Está em cartaz um novo filme baseado no romance Drácula, escrito pelo britânico Bram Stoker e publicado pela primeira vez em 1897. Trata-se de uma versão estadunidense chamada Nosferatu, dirigida pelo jovem cineasta Robert Eggers.

De acordo com a publicidade do filme, repetida por 11 de 10 pseudocríticios que existem por aí, Eggers decidiu fazer uma refilmagem do clássico de mesmo nome do diretor alemão F.W. Murnau, de 1922, que entrou para a história do cinema como um dos principais representantes do movimento de vanguarda que ficou conhecido como expressionismo alemão. 

No entanto, é evidente que, apesar de ignorado pela crítica, a refilmagem de Werner Herzog, de 1979, também faz parte das inúmeras fontes de Eggers. Com Isabelle Adjani e Klaus Kinski nos respectivos papeis de Ellen e do Conde Orlok, a realização do diretor alemão explora as fronteiras entre o sonho e a realidade, a alienação e a consciência, e trata o tema de uma forma política.

A proposta deste texto é explorar essas versões a partir do que a crítica materialista nos ensina e compreender como esses três pontos no tempo – Alemanha, 1922, Alemanha, 1979 e, Alemanha/Estados Unidos, 2024 – impactam na forma como os materiais políticos são trabalhados pelos diferentes diretores.

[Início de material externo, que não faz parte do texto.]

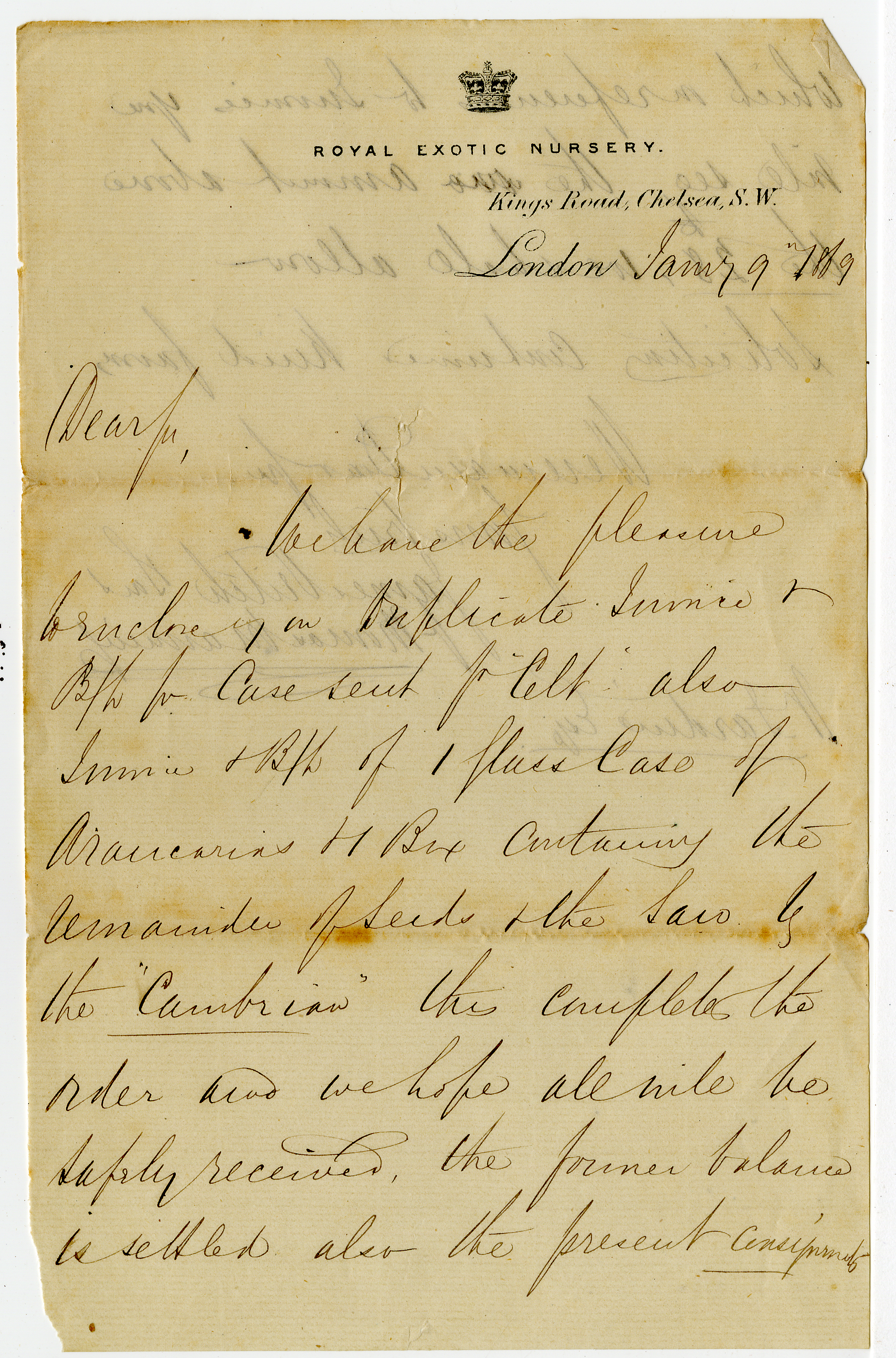 Part of Letter from James Veitch & Sons (Royal Exotic Nursery), with an invoice, to Walter Jardine, January 1869

Robert Eggers e a crise do cinema hollywoodiano

No atual momento, o cinema estadunidense está procurando alternativas para seu declínio. Um dos problemas é fazer com que o público volte às salas de cinema, que ainda sofrem os efeitos da pandemia e da ascensão dos serviços de streaming.  Outro é a ausência de material novo. A própria audiência americana está cansada das mesmas velhas ideias e dos gêneros caducos.

Eggers, que está apenas no seu quarto filme, parece ter encontrado uma saída. A Bruxa (The Witch, 2015) e O Farol (The Lighthouse, 2019) trabalham com temas bastante conhecidos, mas que receberam uma abordagem que consegue captar a subjetividade contemporânea e mostrá-los com um novo olhar.  O Homem do Norte (The Northman, 2022) é uma adaptação de Hamlet, de Shakespeare, que vai pelo mesmo caminho.  

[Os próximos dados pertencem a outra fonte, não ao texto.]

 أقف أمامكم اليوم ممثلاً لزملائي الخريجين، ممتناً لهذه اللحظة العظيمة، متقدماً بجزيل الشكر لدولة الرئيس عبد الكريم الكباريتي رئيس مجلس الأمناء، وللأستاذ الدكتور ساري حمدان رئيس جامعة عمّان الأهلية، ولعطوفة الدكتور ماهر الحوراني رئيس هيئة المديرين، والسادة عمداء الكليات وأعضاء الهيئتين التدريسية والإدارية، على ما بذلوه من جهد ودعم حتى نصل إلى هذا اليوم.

Em comum, essas obras partem de mitos e fantasias para narrar histórias de suspense e horror psicológico sobre personagens em situações limites em condições extremas de vida.  Os três filmes têm uma cinematografia espetacular e atores do primeiro time de Hollywood. Com isso, Eggers e sua equipe de relações públicas têm conseguido construir sua aura de diretor independente e intelectual, ou seja, de autor. Dessa forma, Nosferatu não é mais um filme sobre Drácula, mas um filme sobre Drácula de Robert Eggers. É, sem dúvida, uma forma de marketing que ajuda muito a cinefilia a voltar às salas de cinema.

Drácula e a indústria cinematográfica

Quando Drácula deixou o romance de Stoker e chegou ao cinema de Murnau há 100 anos, houve uma espécie de casamento perfeito entre o personagem e as possibilidades criativas tanto nos enredos, quanto na cinematografia. É possível dizer que Drácula e o cinema são inseparáveis. 

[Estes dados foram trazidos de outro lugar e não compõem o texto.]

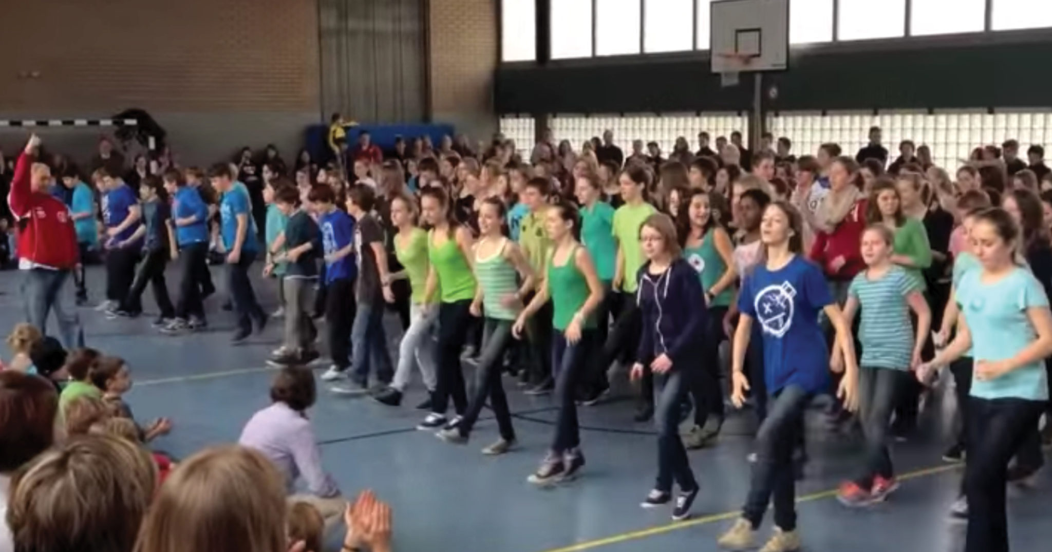They flooded the gymnasium to perform in front of their classmates, all hopping in time to the music.

Há centenas de filmes e variações sobre o tema do vampiro e é impossível encontrar alguém que não tenha assistido ao menos um deles. O século XX é marcado por diferentes adaptações como as de Bela Lugosi nos anos 1930 e os filmes da produtora B inglesa Hammer, com Christopher Lee, nos anos 1960 e 1970. 

Surgiram também as sátiras, como A Dança dos Vampiros (The Fearless Vampire Killers, 1967), de Roman Polanski. No Brasil, ainda nos anos 1960, temos o surgimento do personagem Zé do Caixão, criação do cineasta José Mojica Marins, que marca a incursão nacional mais consistente no gênero terror e que foi bastante popular.

Drácula, de Bram Stoker (Bram Stoker ‘s Dracula, 1991), dirigido por Francis Ford Coppola, é outro filme que tenta atualizar o tema para um público mais contemporâneo (na época). Contudo, de todos, é o mais fraco. O monstro de Klaus Kinski e Max Schreck é substituído pelo charme de Gary Oldman, que faz um personagem romântico e angustiado, vítima de trágicas circunstâncias que o levam, ao final, a uma espécie de redenção.

O sucesso desse filme deu origem a um novo tipo de vampiro no cinema hollywoodiano, agora como personagem principal, belo, sexy e angustiado, e não o monstro a ser combatido, mas uma espécie de super-heroi imortal. É nessa chave que estão Entrevista com o Vampiro (Interview with the Vampire, 1994, Neil Jordan) e A Saga Crepúsculo (The Twilight Saga, 2008 a 2012), esta última uma verdadeira estaca no coração do tema.

Onde está o conde?

Dessa forma, o novo Nosferatu pode ser definido como o reaproveitamento de um tema que é uma receita infalível de sucesso há mais de 100 anos. Acrescida de atores e de diretor que uma nova geração de cinéfilos adora, oferece um olhar fresco para que a indústria consiga o sopro de rejuvenescimento de que necessita. 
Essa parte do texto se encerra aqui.